On January 16, less than twenty miles from the Pole, Scott and his party sighted debris left by the Norwegians. “It is sad that we have been forestalled by the Norwegians,” Bowers wrote, “but I am glad that we have done it by good British man-haulage.” For Wilson, solace came in science. While the Norwegians won the “race,” he noted, “We have done what we came for all the same and as our programme was made out.”

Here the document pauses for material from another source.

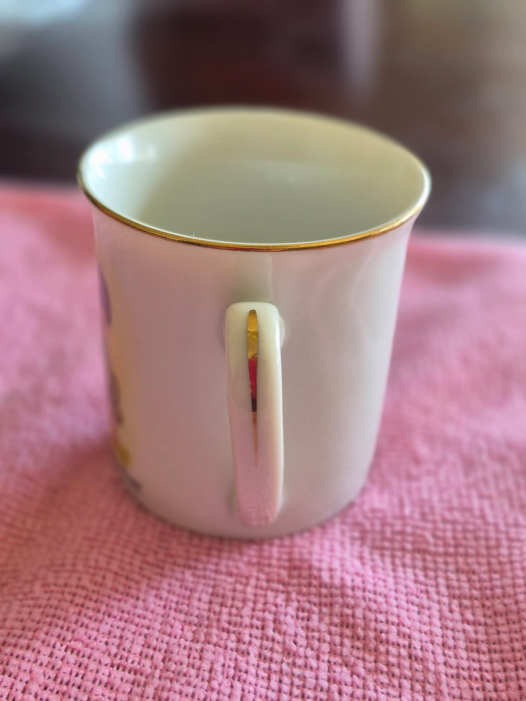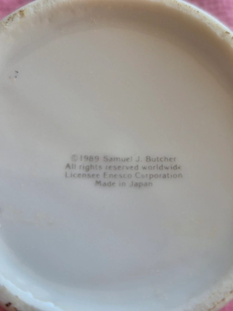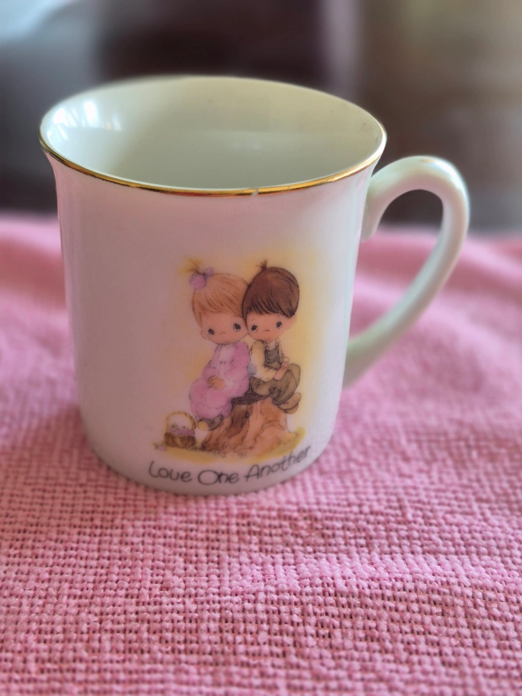 Adorable vintage Precious Moments mug. Features two children sitting on a log. Porcelain with gold trim. Samuel J Butcher 1989 Enesco Corporation.

The return trip has become the stuff of legend, as the men struggled back in worsening conditions on diminishing supplies. Of course they never made it all the way but still, on the way back, they took time out for science. Deep snow and ice covered most of the return route from the Pole, with the mountains above Beardmore Glacier providing the only relief from the featureless monotony. Upon reaching the glacier, they steered toward the moraine beneath Mount Buckley. They took away thirty-five pounds of rock samples. Those specimens could help salvage meaning from a failed attempt to reach the Pole first.

The party others marched its last on March 19. Two days earlier, they had left behind everything except the barest essentials and, at Wilson’s request, diaries, field notes, and geological specimens. These they carried until the end. Their final camp stood only eleven miles shy of a massive depot, stocked with special treats. Then a blizzard struck. The following spring, a search party found them there along with their notes and specimens.

The polar trek of Amundsen and his men was a remarkable human feat. Scott and his men, however, contributed something more than gaining the Pole. They advanced human knowledge of an unknown continent and its place in global systems. For their achievements, both human and scientific, both groups have earned the honor they now receive on this, the 100th anniversary of reaching the South Pole.